Today the name Buster Keaton means something quite different. He is someone associated with silent movie history, consigned to ignominy and remembered by very few. Film stars like Harold Lloyd, Fatty Arbuckle and Mary Pickford are equally shrouded in mystery, forgotten by many and heralded only by film historians fascinated by a past long gone. Keaton though was a founding father of slapstick comedy, Harold Lloyd a modern day Tom Cruise who performed death defying stunts, while Pickford helped create United Artists. Arbuckle is a much darker story altogether.
That is why Buster Keaton’s restored classic from 1928 demands some reverence. He pioneered independent film production and reigned over Hollywood until after the advent of sound. Alongside contemporaries who included Charlie Chaplin he wrote, produced and starred in numerous pictures controlling everything to the smallest detail. What The Cameraman does is illustrate a virtuoso of cinema who was rigorous in his preparation, fastidious about narrative progression and an unparalleled perfectionist.

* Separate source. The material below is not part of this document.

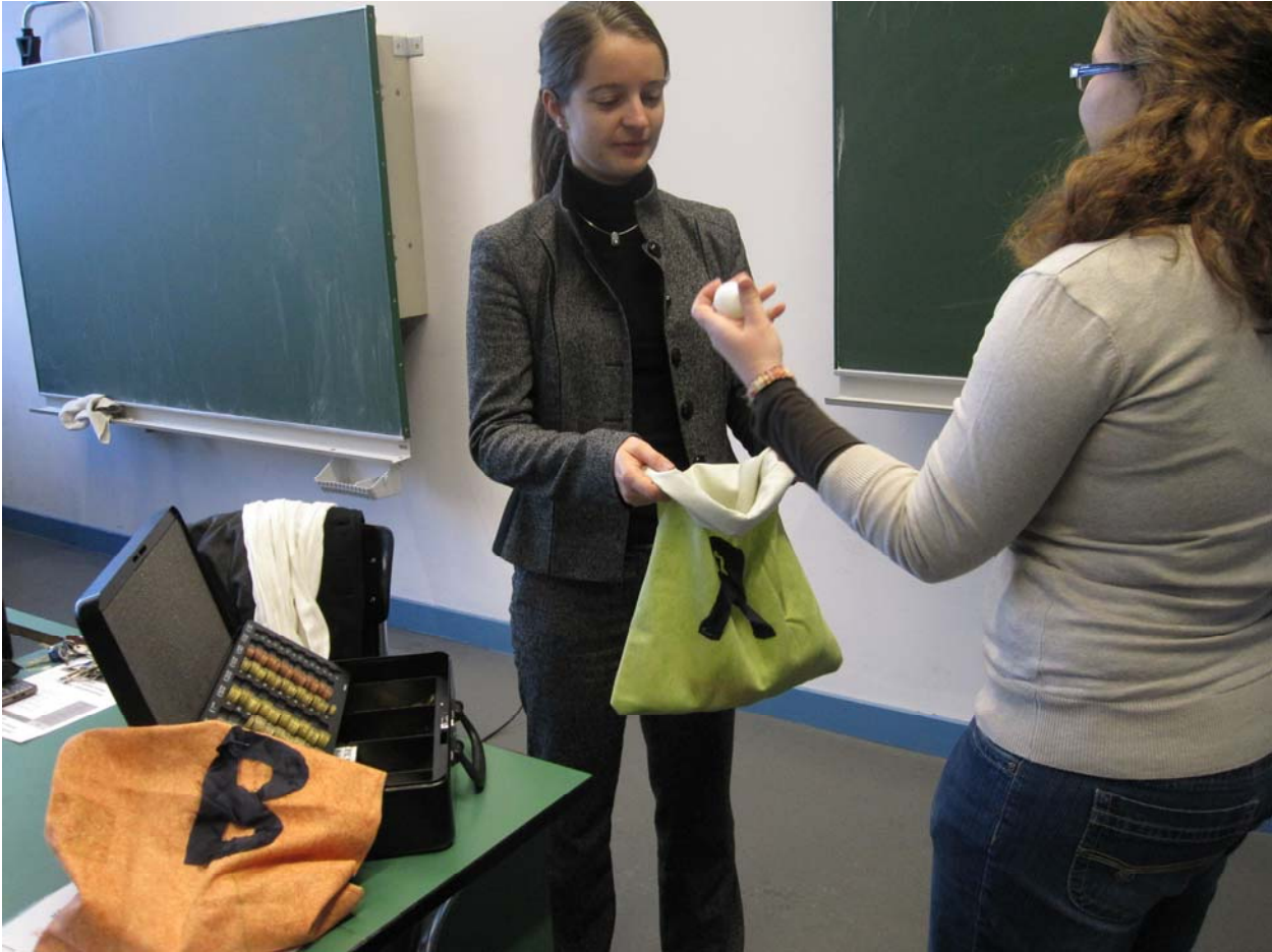
A photograph illustrating how participants drew from one of the bags (A or B)

What the film does is take a simple premise of romantic infatuation and weave set pieces, foot chases and melancholy interludes into its fabric. Marceline Day plays the object of Buster’s affection and this springboard allows him to indulge his gift for physical comedy and cinematic invention. Split screens are employed, stock footage worked in and extensive location work gives everything an added element of authenticity. Open air soundstages follow a sprinting Keaton up five flights of stairs, collapsing platforms give way under him during large crowd scenes, whilst one stunt sees him board a speeding fire truck on foot carrying a camera.
Narrative is concise, visual storytelling paramount and music essential in imbuing this love story with pathos. Sight gags display Keaton’s unrivalled physical dexterity, his sad sack demeanour is exploited for emotional investment and The Cameraman never pauses for breathe. Think of it in gaming terms where contemporary cinema is represented by an Xbox One X, while silent film translates into a ZX Spectrum. One often relies on visual flair due while the uses rudimentary techniques to enhance story unable to fall back on pretty pictures.
That is why the silent era can never be dismissed out of hand purely because it represents a past gone by. Without these forerunners there would be no cinema as it exists today, no techniques or terms to describe film in all its infinite variations. Keaton, Lloyd, Pickford and others did not merely push the envelope but helped build it from the ground up. This is why The Cameraman deserves its place in the Criterion collection so others can build on that legacy.